McMillan's Theorem

In the field of information theory, McMillan's Theorem (also known as the Kraft-McMillan Inequality) provides the essential criteria to ascertain whether a prefix code can be uniquely decoded. The theorem asserts:

A set of string lengths $ \{s_1, s_2, ..., s_n\} $ defined over an alphabet of r symbols constitutes a uniquely decodable prefix code if and only if it satisfies the following condition: $$ \sum_{i=1}^{n} r^{-s_i} \leq 1 $$ Here, $ r $ denotes the number of symbols in the code's alphabet (e.g., $ r = 2 $ for binary codes), and $ s_i $ represents the length of the encoded string for symbol $ i $.

If this cumulative sum is less than or equal to one, then it is possible to construct a prefix code that ensures unique decodability.

The theorem further implies that if such a code exists, then the combined lengths of the codes, when taken to the negative power of the number of symbols in the alphabet, must not exceed one.

Essentially, McMillan's theorem provides a method for assessing whether a set of strings {s₁, s₂, ..., s_n}, derived from an alphabet of n symbols, qualifies as an alphabet in its own right.

Application of McMillan's Theorem to Prefix Codes: A prefix code is characterized by each string in the set being such that no string is a prefix of another.

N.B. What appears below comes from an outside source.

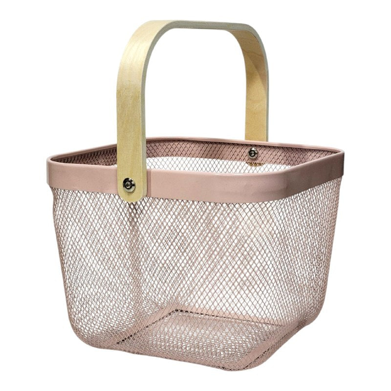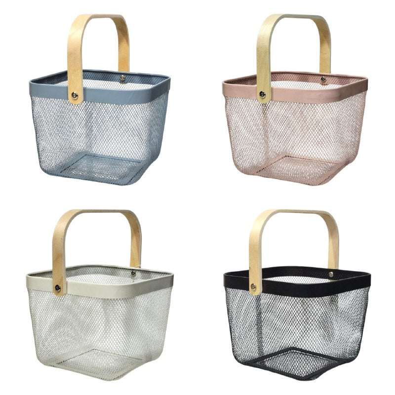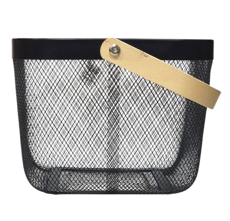 CANASTA DE ALMACENAMIENTO MULTIUSOS CON ASA DE MADERA NATURAL, DISEÑADA PARA ORGANIZAR Y DECORAR CUALQUIER ESPACIO DEL HOGAR. FABRICADA CON MALLA DE METAL RESISTENTE Y DISPONIBLE EN 4 TONOS ELEGANTES, OFRECE DURABILIDAD Y ESTILO. SU ROBUSTA ASA DE MADERA FACILITA SU TRANSPORTE Y APORTA UN TOQUE CALIDO Y SOFISTICADO. PERFECTA PARA USO EN CASA, BAÑO, OFICINA O COMO ELEMENTO DECORATIVO. MANTIENE TODO EN ORDEN CON ELEGANCIA Y FUNCIONALIDAD.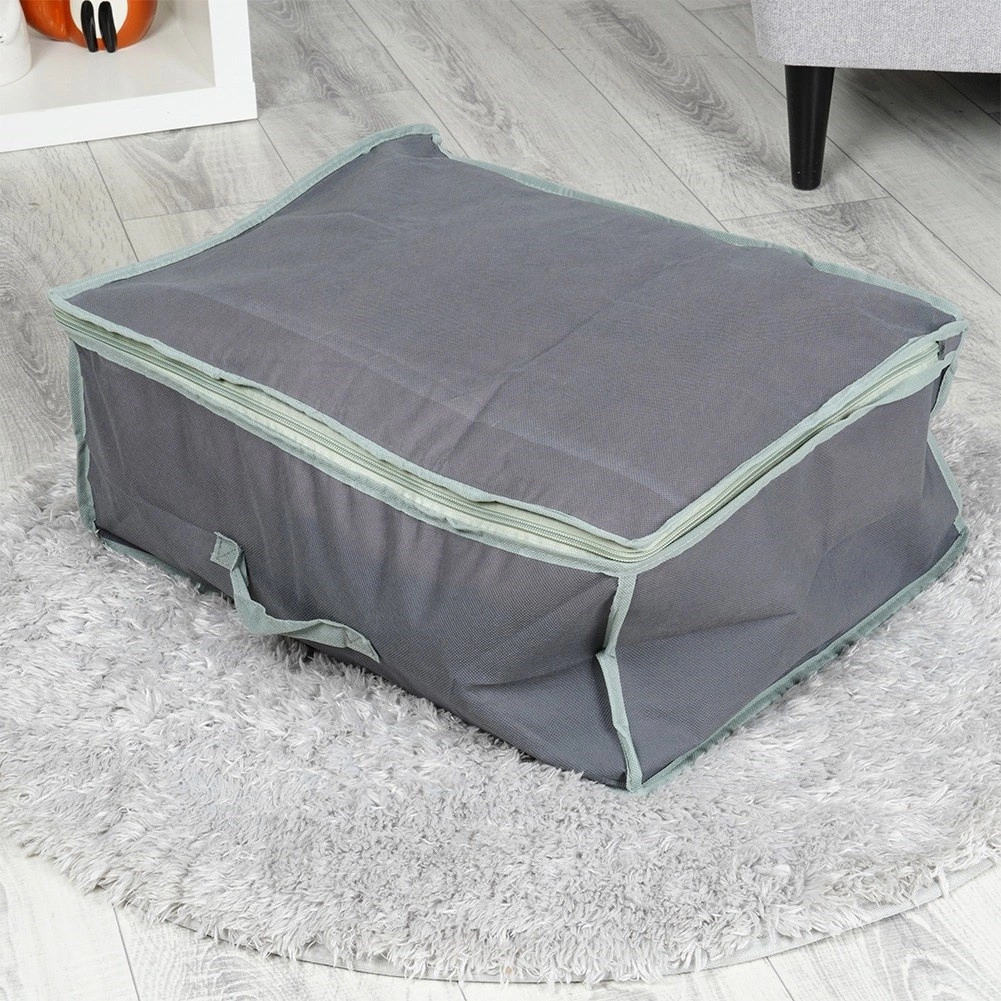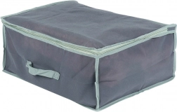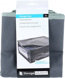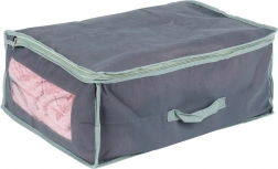Praktisk opbevaringspose til sengetøj, tæpper, puder og tøj med et volumen på 38 l, som beskytter dine tekstiler mod fugt, støv og møl. Takket være lynlåslukning, gennemsigtigt vindue til hurtigt overblik og stærke håndtag er den ideel til både skab og under sengen. Det slidstærke polyesterstof i grå farve sikrer lang holdbarhed og et rent udseende.

For instance, the set $$ \{s_1, s_2, s_3\} = \{"0", "01", "11"\} $$ is not a prefix code because "0" serves as a prefix for "01". Conversely, the set $$ \{s_1, s_2, s_3\} = \{"00", "01", "11"\} $$ qualifies as a prefix code as no string acts as a prefix to another.

Example

Let's examine a concrete example to elucidate McMillan's theorem.

Consider a basic binary alphabet consisting of the symbols $ r = 2 $, namely 0 and 1.

Creating a set of strings with this alphabet:

$$ \{s_1, s_2, s_3\} = \{"00", "01", "11"\} $$

This set is a prefix code as no string is a prefix of any other.

Yet, to determine if it is also uniquely decodable, we apply McMillan's Theorem.

The lengths of $ s_1 = "00" $, $ s_2 = "01" $, and $ s_3 = "11" $ are all 2.

Upon applying the theorem:

$$ \sum_{i=1}^{3} 2^{-|s_i|} = 2^{-2} + 2^{-2} + 2^{-2} = \frac{1}{4} + \frac{1}{4} + \frac{1}{4} = \frac{3}{4} $$

Here, the sum is less than 1, fulfilling the theorem's condition.

$$ \sum_{i=1}^{3} 2^{-|s_i|} = \frac{3}{4} \le 1 $$

This confirms that our specific set of strings {s₁,s₂,s₃} qualifies as a "uniquely decodable code" based on the theorem's criteria.

Note: If all possible permutations of the symbols "0" and "1" in the binary alphabet were considered, we would obtain a set of four strings. $$ \{s_1, s_2, s_3, s_4\} = \{"00", "01", "11", "10"\} $$ In this scenario, McMillan's theorem would precisely yield a sum of 1. $$ \sum_{i=1}^{4} 2^{-|s_i|} = 2^{-2} + 2^{-2} + 2^{-2} + 2^{-2} = \frac{1}{4} + \frac{1}{4} + \frac{1}{4} + \frac{1}{4} = 1 $$ This establishes the upper limit on the amount of information that can be encoded with a series of strings from the alphabet.